The solution for this enormous logistics challenge could be robot-driven automation, according to a team of researchers from JD.com, Shanghai University of Finance and Economics, Chicago Booth, and the University of Southern California. In work they conducted at JD.com, the researchers helped the company improve the efficiency of its fulfillment warehouses by adopting a model of facility management in which workers stay at stations while robots bring them products to be packed. The findings could one day help companies deliver products efficiently by drone and robots, they write. 

JD.com is comparable to the better-known Alibaba in terms of revenue ($114 billion in 2020 for JD.com compared with $109 billion for Alibaba). But JD.com manages its own inventories and fulfillment while Alibaba operates more as an online marketplace, akin to eBay or Etsy. To get goods into boxes and onto trucks and planes, JD.com has largely automated its warehouses and handles its own shipping. (Imagine if Amazon owned FedEx.) 

In its use of robots, JD.com flips the conventional human-driven fulfillment-center model. In a standard warehouse, people rush around on foot or forklift, grabbing and packing products as orders come in. This is called a picker-to-parts model. JD.com uses a parts-to-picker system, where swarms of football-size robots scurry across fulfillment-center floors to bring racks of materials from shelves to humans waiting to grab and package products. The system increases productivity, preserves worker safety, and cuts costs, the researchers write.

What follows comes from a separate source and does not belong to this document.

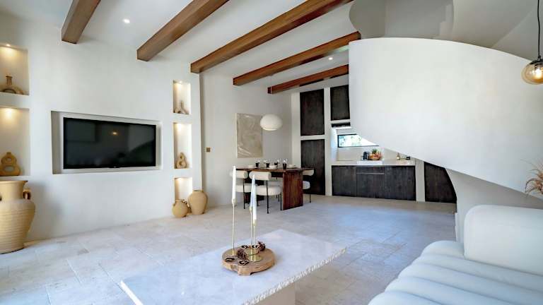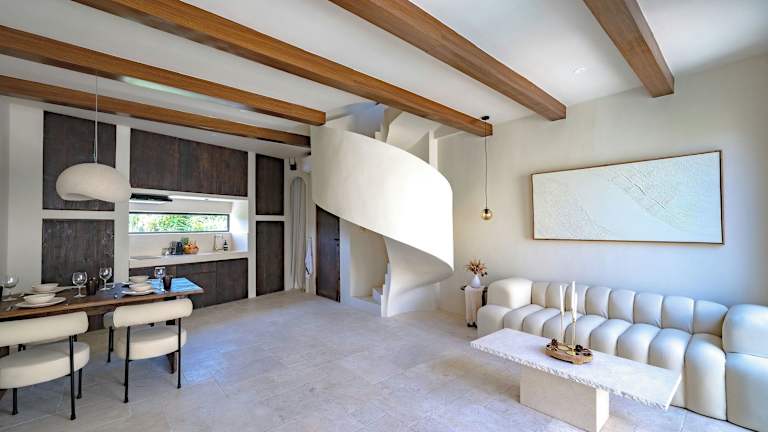 Die Villa bietet ein Schlafzimmer und ein Badezimmer, ausgestattet mit Bettwäsche und Handtüchern. Zur weiteren Ausstattung gehören ein Flachbild-TV, ein Essbereich und eine voll ausgestattete Küche. Ein Terrasse mit Blick auf den Pool rundet das Angebot ab.

However, to make parts-to-picker work, each of the warehouses’ hundreds of robots must solve the complex problem of which shelves to bring to which packers once every five seconds—without colliding with each other. JD.com initially tried to accomplish this by using off-the-shelf artificial-intelligence software to control the robots, but “commercial software proved too slow,” says Chicago Booth’s Linwei Xin, one of the researchers involved. Because of this, the company found that many of its automated warehouses didn’t ship enough packages to justify the construction costs. 

About five years ago, the researchers began developing algorithms to improve the functioning of the warehouse robots. They broke the problem into discrete layers, or challenges. For example, an integrated management layer meshes fulfillment with other systems such as order processing. Each layer is defined by multiple algorithms, and all are continuously monitored and updated to help the automated centers deal with changing demand and conditions. 

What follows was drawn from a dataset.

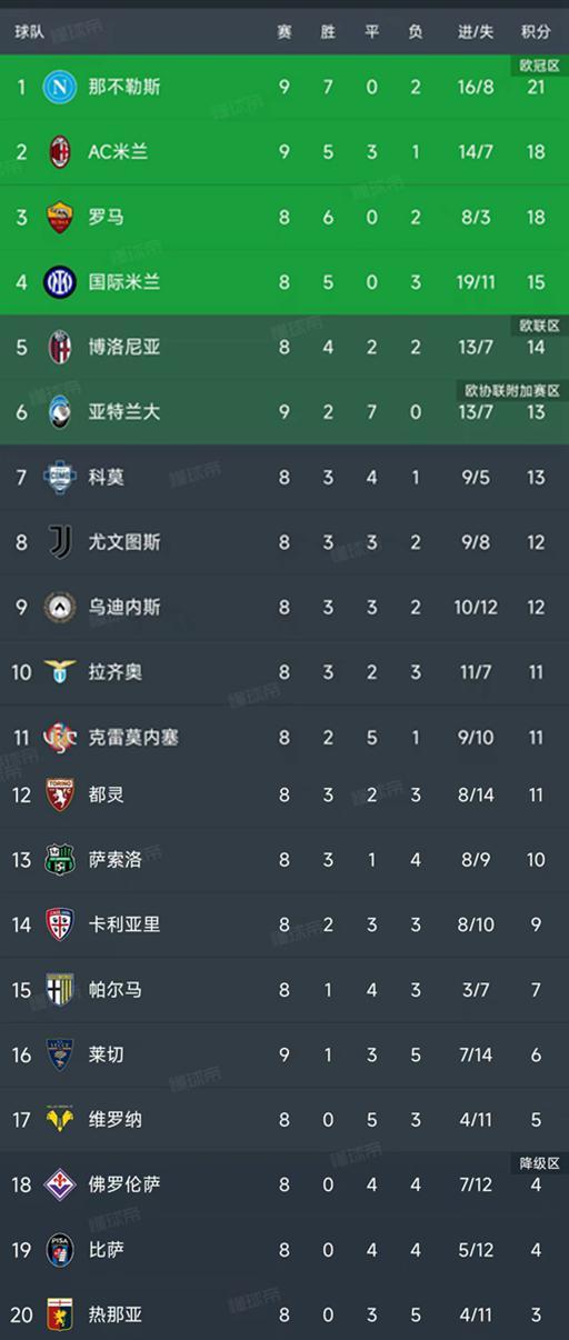 北京时间10月29日,意甲第9轮率先结束了两场比赛,最新积分榜如下!

The algorithms the researchers created allow the company’s warehouses to function smoothly even when orders accelerate to 10 times normal, as they did during the worst of the coronavirus pandemic, according to the research. While many conventional factories slowed operations or were shut entirely to prevent the spread of the virus during the height of the recent pandemic, JD.com’s warehouses were able to operate thanks to the algorithm-driven parts-to-picker system.

JD.com recorded a decrease in its fulfillment expense ratio (which measures fulfillment costs to sales) to 6.5 percent in 2020 from 7.2 percent in 2016. Also, in 2020, 90 percent of orders sold by JD.com, rather than third-party sellers, were delivered on the same day or the day after they were placed, the researchers report. 

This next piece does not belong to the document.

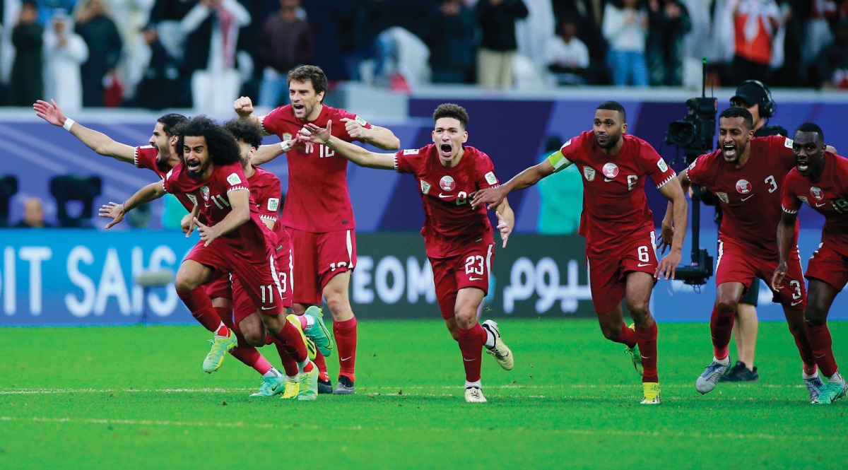 Qatar players celebrate after winning the shootout against Uzbekistan.

Xin sees potential outside the warehouse, perhaps to control drone or robot delivery of products to urban areas, or to deliver items such as vital medical supplies to hard-to-reach areas. 

However, “100% automation is not ideal,” the researchers write. Even the most automated warehouses still need people to conduct oversight, service the robots, and pack nonstandard items, they note. That said, they also have yet to find a point at which investing in robots yields diminishing benefits.